How to reconstruct commutators like for example in Drinfeld associators (see (4.5) in https://arxiv.org/pdf/1310.3259.pdf)?

We have as computed in Drinfieldstuff_display.mw (note to run this it requires loading HyperInt package https://arxiv.org/pdf/1403.3385.pdf):

H[2] := a^2*(e[0]*e[1] - e[1]*e[0])*zeta[2]

H[3] := zeta[3]*a^3*(((e[0]*e[1]^2 + e[0]^2*e[1] - (2*e[1])*e[0]*e[1]) + e[1]^2*e[0]) - (2*e[0])*e[1]*e[0] + e[1]*e[0]^2)

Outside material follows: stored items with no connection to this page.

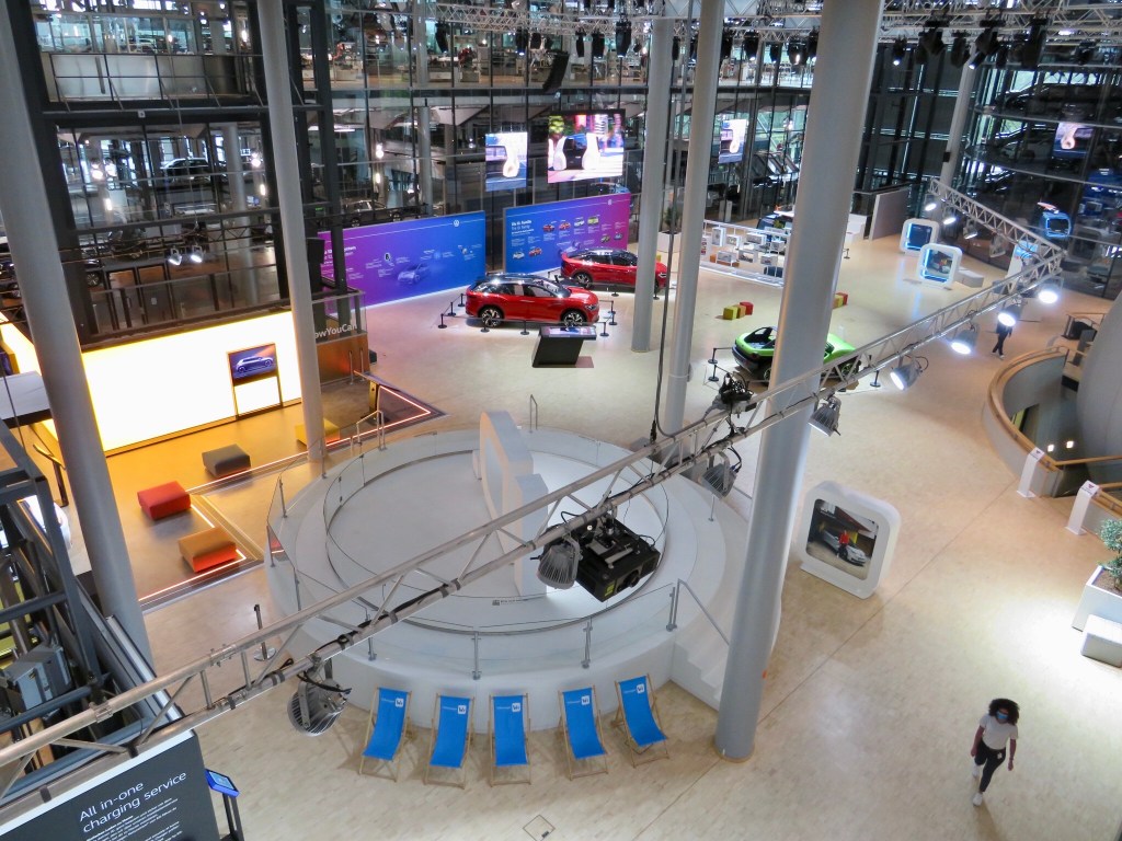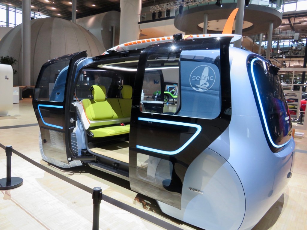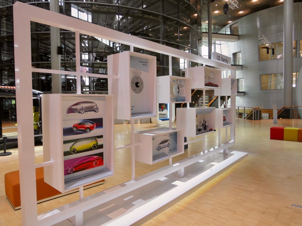 Сначала мы отправились вместе с экскурсоводом в ID. Pavillon. Здесь находятся концепт-автомобили или, иными словами, автомобили будущего. Маше особенно понравилась модель «Седрик» — автомобиль, который больше похож на мини-купе поезда, и в котором нет места для водителя, ведь машина едет сама!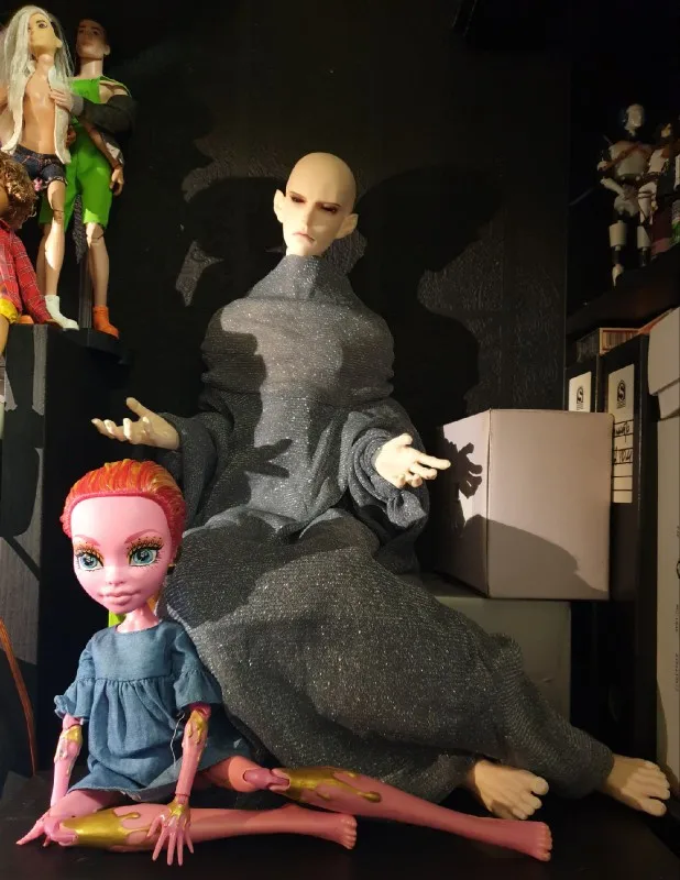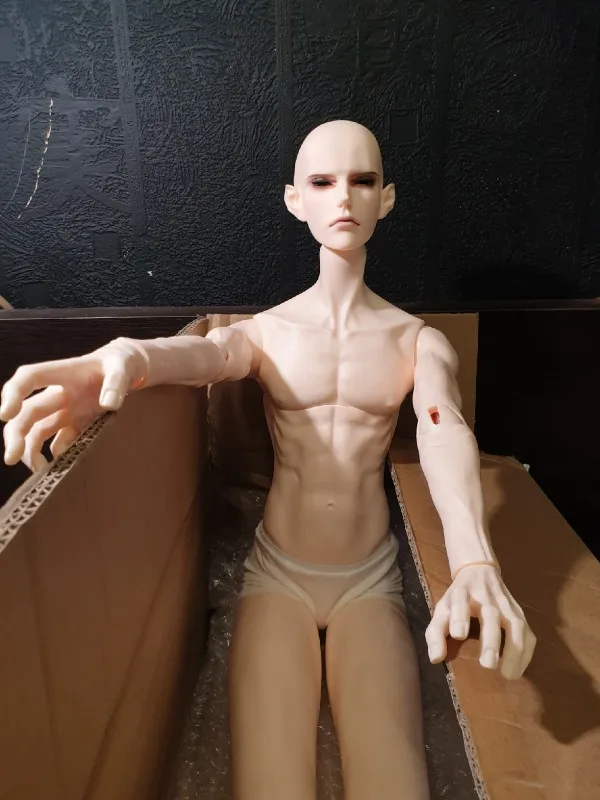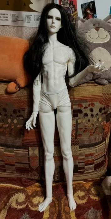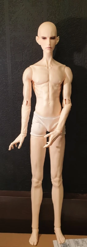 Он шикарен! Заказывала другой мейк. Мне задали кучу оточняющих вопросов, перед отправкой выслали фото куклы для утверждения. Транспортировка заняла около недели. Курьер принес на дом. Шарниры хорошие, натянут тоже хорошо, позы держит. Большой и тяжелый, 3кг)
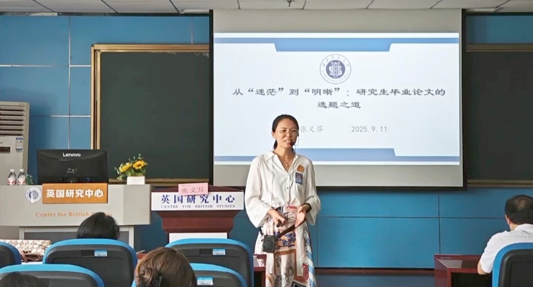 随后,张博士结合自身经历,阐述了从导师研究、学术会议、文献梳理等路径逐步确定选题的过程,并针对课程与教学论、学科英语、外国语言文学、国际中文教育四个专业,通过选题案例对比分析,让同学们直观把握选题要点。此外,张义芬博士还为同学们推荐了丰富的学术资源与实用工具,并建议同学们要认识到选题是一个动态过程,应多与导师沟通。讲座尾声,张义芬博士与同学们开展互动交流,针对同学们的选题困惑进行细致地解答,为同学们学术道路的起步提供了切实指引。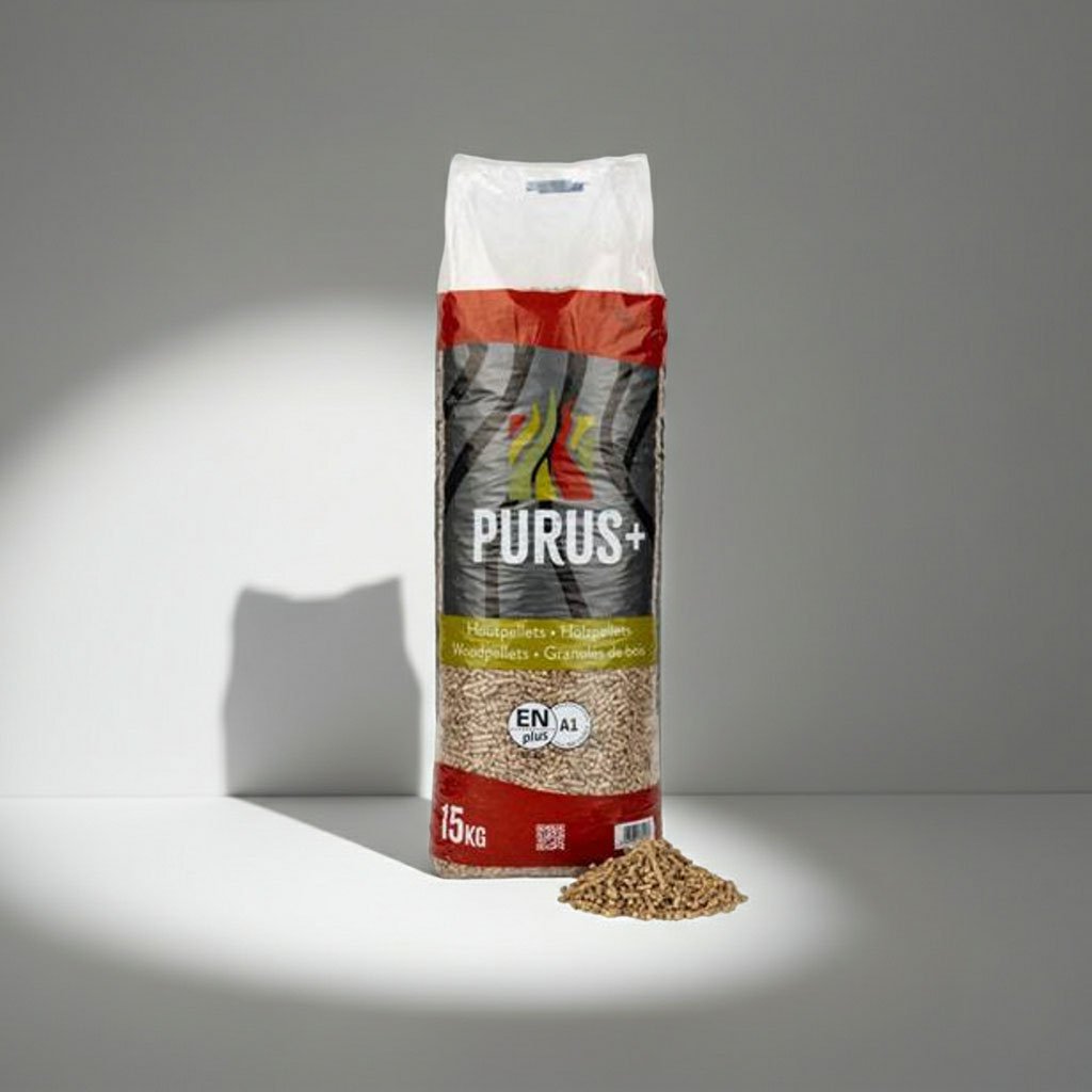 Purus+ Pellets 15 kg zijn 100% zachthoutpellets, die bekend staan als een van de meest voordelige pellets op de markt.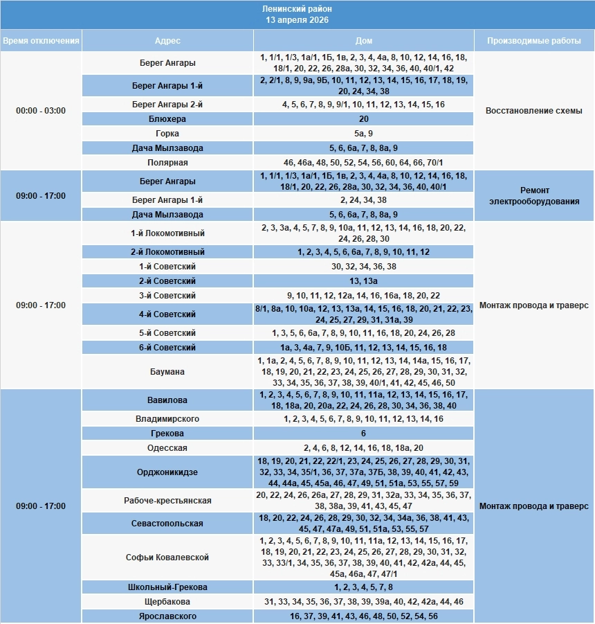 «13 апреля в некоторых домах Иркутска будет ограничено электроснабжение для проведения плановых работ, — уточняют в группе. — Возможны корректировки при влиянии метеоусловий и выявлении дефектов на оборудовании. Приносим извинения за доставленные неудобства».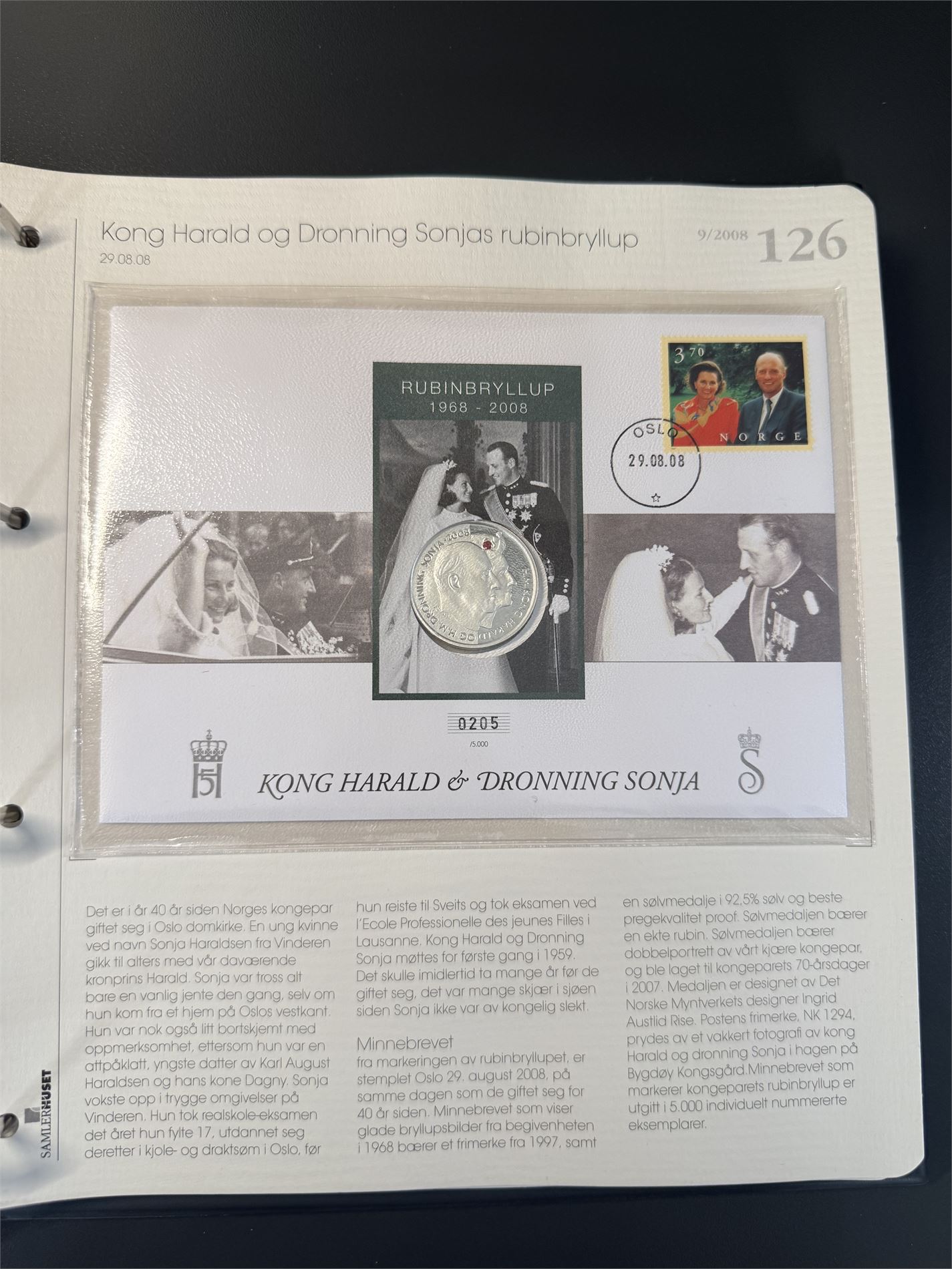 Nr 126 Kong Harald og Dronning Sonjas Rubinbryllup med ekte Rubin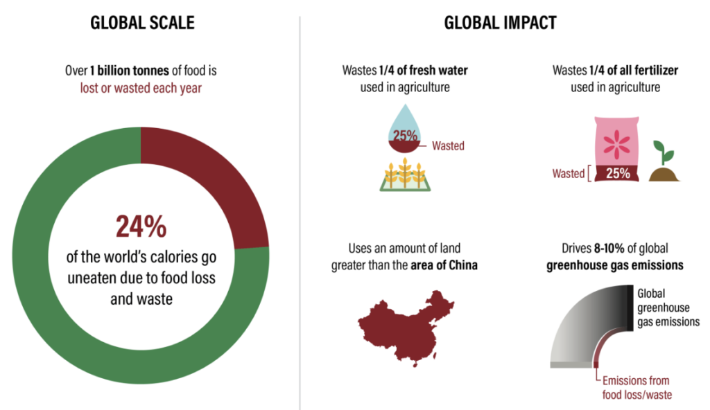 One-third by weight and a quarter by calorie content of all food produced globally is lost or wasted between ground and gums. Yet 10% of the world’s population are malnourished. Lost and wasted food costs the global economy US$1 trillion every year.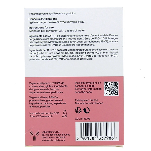 Poudre concentrée d'extrait total de canneberge (Vaccinium macrocarpon) : 400 mg dont 36 mg de PACs. Gélule végétale : Hydroxypropylméthylcellulose (E464), Eau, Carraghénane (E407), Acétate de potassium (E261).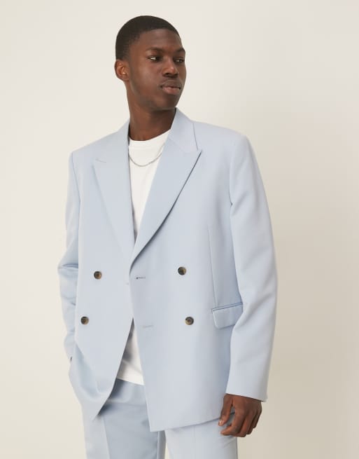 ASOS DESIGN relaxed double breasted suit jacket in blue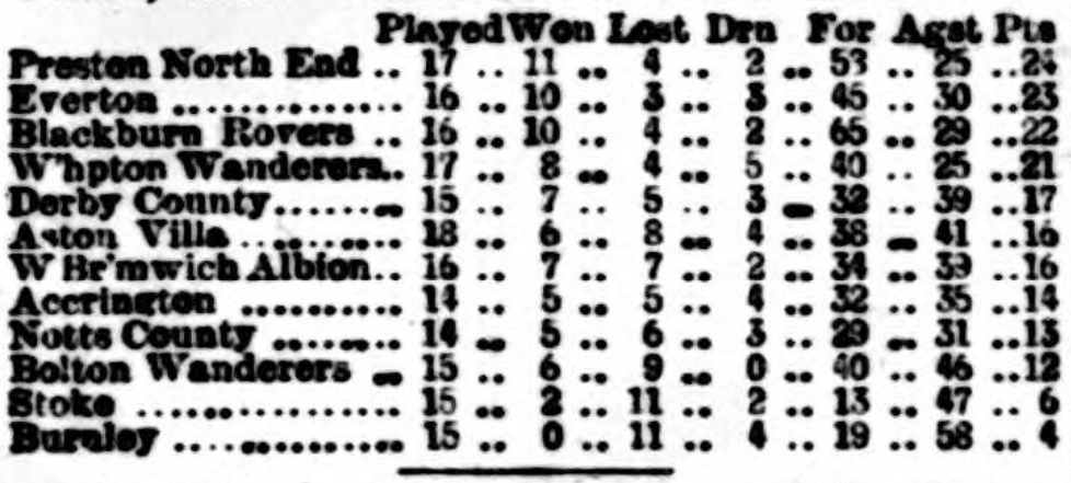 Preston North End have opened their Christmas fixtures disastrously, and for the first time have had to acknowledge themselves conquered by the Everton team. The reverse was a severe blow for Prestonians, as it will be remembered that a few weeks ago North End defeated Everton at Anfield Road by five goals to one. This achievement must have lulled North End into a sense of false security, for they were not only beaten on points, but, taking the match as a whole, they had the worst of the play. In fact, their most enthusiastic supporters acknowledge that they were beaten on their merits. Now Deepdalians are endeavouring to find out the reason for what they look upon as a somewhat serious blow to the prestige of their club, for in addition to Saturday's defeat the matches played on the two previous weeks had not terminated successfully for North End. There are no excuses made by the losers, and the only reason seems to be that Everton to a man played fast, clever football—football which their opponents could not, for once at any rate, equal them in. North End had the same team which won the great victory at Anfield-road in November, and the only alteration on the other side was at half-back, where Cain replaced Farmer. Although the ground was very slippery and heavy, both sides played a fast, determined game throughout, which speaks much for the stamina of each player. The game had not progressed very far when Everton managed to get the ball past Trainer: but, as Milward had obstructed the custodian, the point was rightly disallowed. However, Milward was not long before he converted a shot by Geary into a goal, and this was the only point recorded before the interval. Soon after crossing over Everton had a goal disallowed, but Geary registered a second. Then Drummond scored for the home team, and just afterwards put the ball through a second time: but this point was also forfeited. Strive as they would, North End could not place themselves on an equal footing, and they had to submit to a defeat of two goals to one. No one who saw the match will deny that every man in the Everton team deserves great praise; they were all in the very best of condition. The forwards showed some excellent quick passing, and Latta, Brady, and Geary were very prominent. Parry and Holt did some rare work at half-back; while the defence of Doyle, Hannah, and Smalley would be difficult to surpass anywhere. The best men on the North End side were Trainer, Howarth, Gordon, and Ross, jun. Not one of the others played up to their reputation. It was surprising to see the manner in which the forwards were dispossessed time after time. It is evident that there will have to be some new blood at Deepdale, and very soon.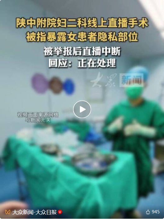 据现代快报报道,2月2日,多名网友在社交平台曝光,称陕西中医药大学附属医院妇二科在网络平台直播做手术,画面中直接出现女性患者隐私部位,多名网友举报后,直播中断。2月3日涉事医院回应称,已经关注到此事,目前正在处理中。

H[4] := zeta[2]^2*a^4*((((((4*e[0])*e[1]^3 + (12*e[0])*e[1]*e[0]^2 - (5*e[1])*e[0]^2*e[1] - (4*e[1])*e[0]^3) - (4*e[1]^3)*e[0]) + (7*e[1])*e[0]*e[1]*e[0] + (12*e[1]^2)*e[0]*e[1] + (3*e[0])*e[1]*e[0]*e[1] - (12*e[0]^2)*e[1]*e[0] - (5*e[0])*e[1]^2*e[0] + e[0]^2*e[1]^2 - (12*e[1])*e[0]*e[1]^2) - e[1]^2*e[0]^2) + (4*e[0]^3)*e[1])/10

And we want maple rebuild them as  commutators as below ([x,y]=xy-yx). Correspondingly:

H[2] :=zeta[2] [e[0] , e[1] ]

H[3] :=zeta[ 3] ( [e[0] , [e[0], e[1] ]] − [e[1] , [e[0] , e[1] ]] )

H[4] :=zeta[4] [e[0] , [e[0], [e[0] , e[1]]]] −1/4* [e[0] , [e[1] , [e[0] ,e[1] ]]] + [e[1] , [e[1] , [e[0] , e[1] ]]] + 5/4*[e[0], e[1]] ^2

Does anyone know how to do it?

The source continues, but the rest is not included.